Bankruptcy tends to be documentation-heavy. You need to provide paperwork that attests to your current financial situation. Likewise, you'll want to submit at least the last two years of your tax filings. Particularly if your financial situation has changed quickly, such as due to a layoff, you need to be able to document the change. Bankruptcy law also requires you to list all of your creditors and which debts they hold.
Messing up any part of the documentation could force the judge to reject your petition, and then you'll have to start from the beginning. Also, an incomplete filing could expose you to continued collection efforts by whichever creditors went unlisted in the petition.
Ineligible Bankruptcy Type
When you speak with a bankruptcy lawyer, they'll help you figure out which type of bankruptcy suits your situation. The two types of bankruptcy are liquidation and restructuring. Liquidating means the court sells your non-exempt assets to satisfy as much of the unpaid debt load as possible. Restructuring involves paying a reduced amount based on a payment plan. You have to be eligible for a particular type of bankruptcy to pursue it.

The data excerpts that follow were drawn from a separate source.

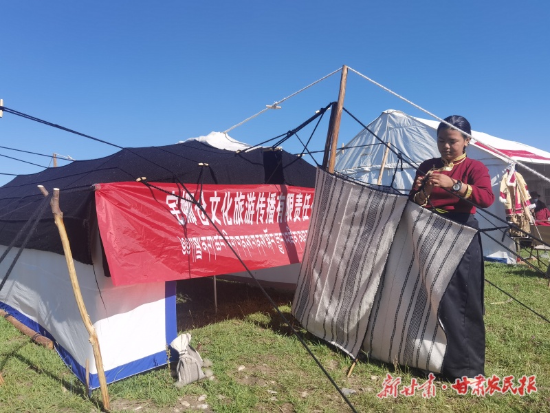 玛曲县欧拉镇的旦增奇珍正蹲在自家的“黑帐篷”前固定帐篷绳索,黑白撞色的帐篷用当地的牦牛毛和羊毛编织而成,看起来时尚又耐用。每根毛需经过浸泡、染色、编织三道工序,6个工人耗时半个月才能织出一顶这样的帐篷。
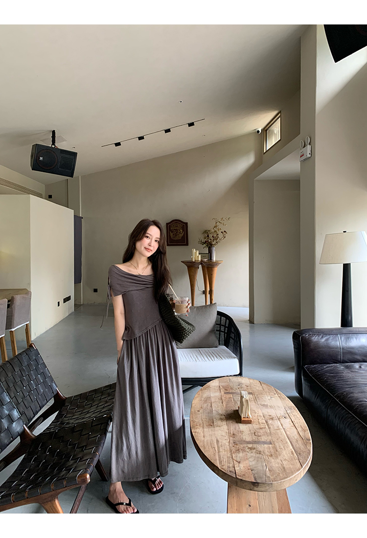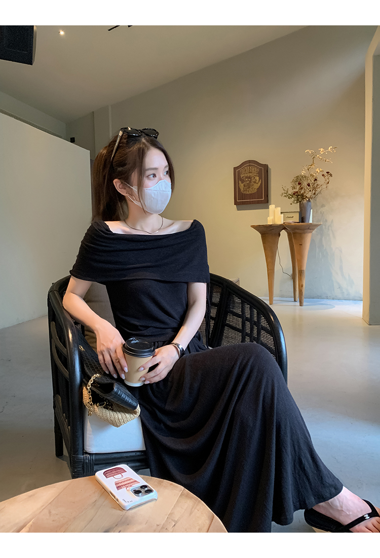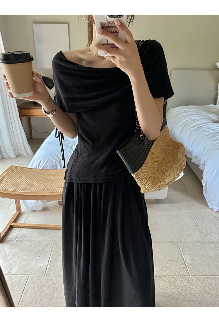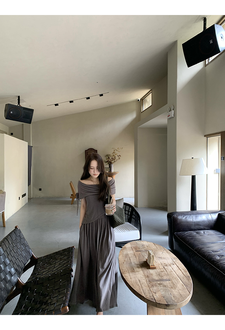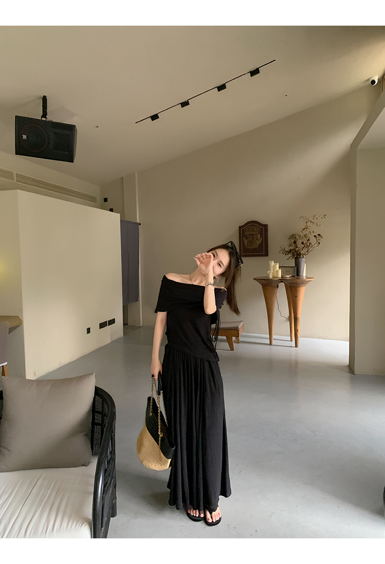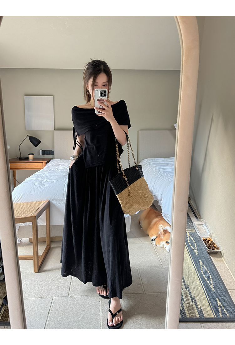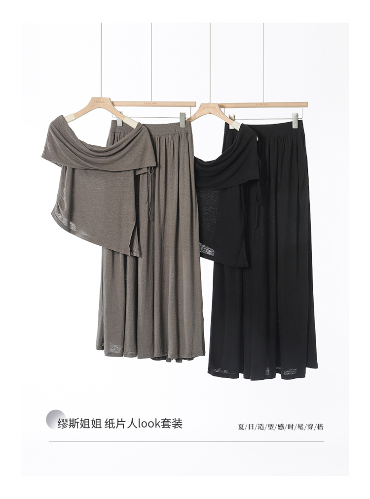 *o-ha-you*【FMQD2042064】繆斯姊姊紙片人look套裝訂製亞麻針織一字肩上衣/大擺半裙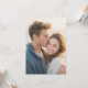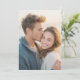 This wedding invitation features a warm and intimate design, capturing a tender moment between two individuals. The layout is centered, with the subjects filling most of the frame to emphasize their affectionate connection. Soft beige and light blue hues create a serene atmosphere, enhanced by natural lighting that adds a gentle glow. The photographic style highlights realistic details, conveying happiness and closeness through smiling expressions and physical proximity. Perfect for celebrating love and commitment, this design evokes joy and warmth, making it ideal for couples looking to share their special day.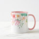 Diese blumengeschmückte Tasse hat hübsche Pastellbilder von Blume am oberen Rand der Tasse. Die Beispielinnenausstattung ist rosa. Wählen Sie Ihre Farbenausstattung, um Ihren Geschmack Anzug. Passen Sie diese Tasse an oder kaufen Sie sie wie geplant.
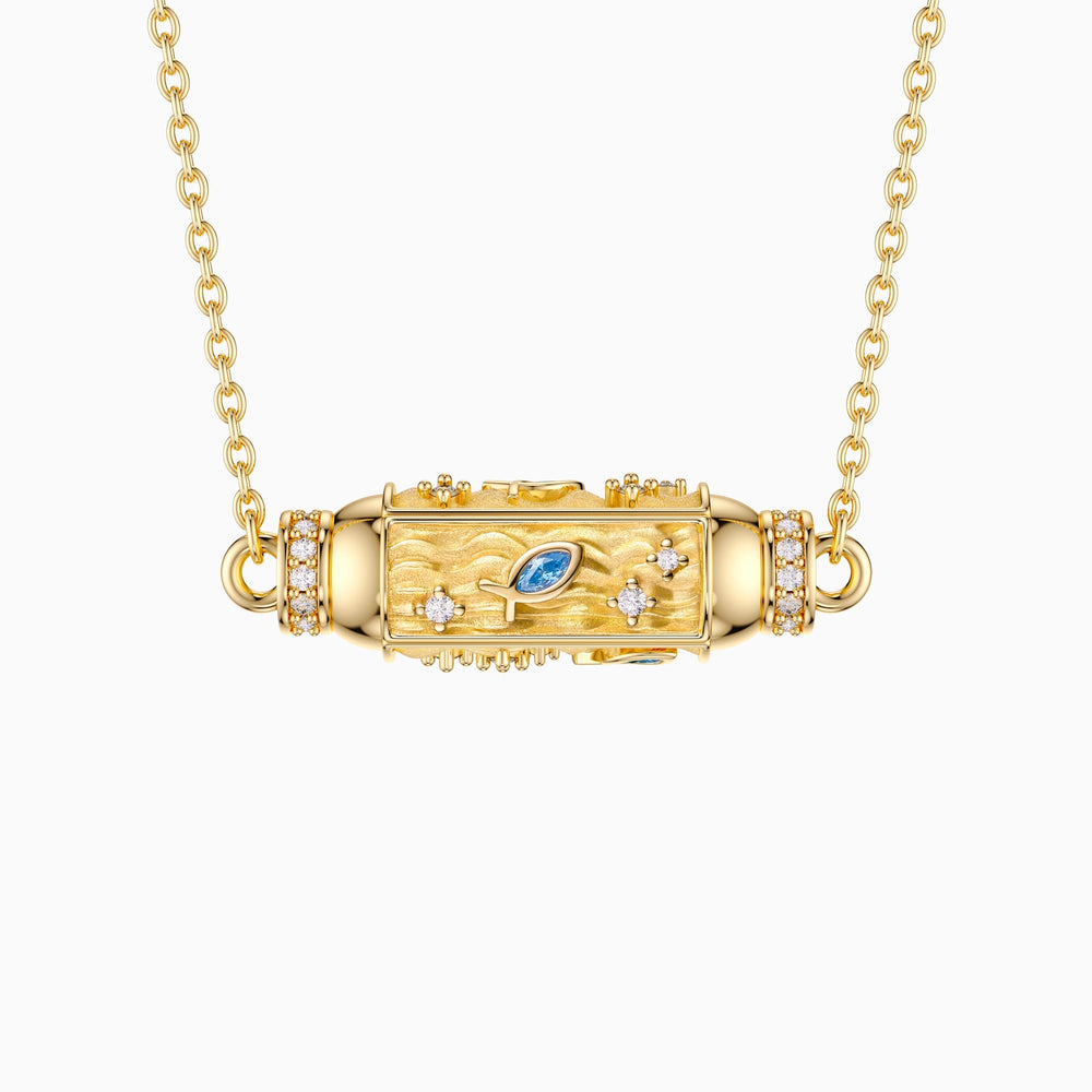 Set sail on a voyage of delight with our 'Aqua Adventures Charm' necklace! This hexagonal haven is where whimsical ichthys leap among the crests of golden waves, encapsulating the serenity of the ocean's rhythm.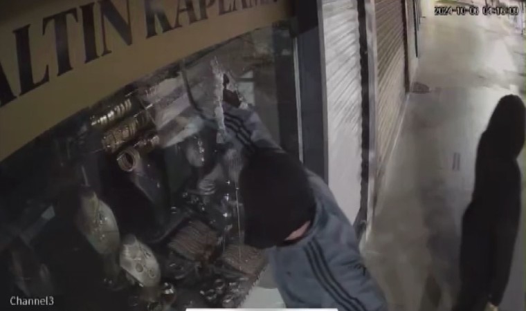Olay, dün gece saat 04.15 sıralarında Mimar Sinan Caddesi üzerindeki bir iş yerinde meydana geldi. Gece saatlerinde iş yerinin vitrininde bulunan altın kaplama bilezikleri gerçek sanan maskeli 2 hırsız, çekiçle vitrini kırarak soygun gerçekleştirdi. 112 Acil Çağrı Merkezine yapılan ihbarın ardından bölgeye gelen polis ekipleri, durumu işletme sahibine bildirdi. Olay yeri inceleme ekiplerinin yaptığı çalışmaların ardından soyguncuların yakalanması için çalışma başlatıldı. Hırsızlık anı iş yerinin güvenlik kamerasına da anbean yansıdı. Görüntülerde maskeli hırsızlardan birinin iş yerinin vitrinine çekiçle defalarca vurarak kırdığı, ikinci soyguncunun ise bilezikleri aldığı, daha sonra maskeli hırsızların hızla uzaklaştıkları anlar yer aldı.

Most cases are fairly clear-cut, especially if you have the benefit of counsel. However, there may be some edge cases that sit on the border between liquidation and restructuring.
Generally, it's best to avoid taking on new debts unnecessarily before and while pursuing bankruptcy. Especially if the new debts are going into the bankruptcy petition, the court may frown upon this decision. A judge could reject the case entirely if they believe the actions were deliberate or reckless.
Bankruptcy law discourages multiple filings unless there's a compelling reason for them. There are credible reasons to file more than one case in a short period, but you should only do this with the support of a bankruptcy lawyer. For example, you might want to discharge a portion of your debts through liquidation and restructure others. However, that is a complex process and you need to let the judge know what you intend early on in the process. Otherwise, the court will likely interpret the multiple filings in a short span as an abuse of the bankruptcy law system.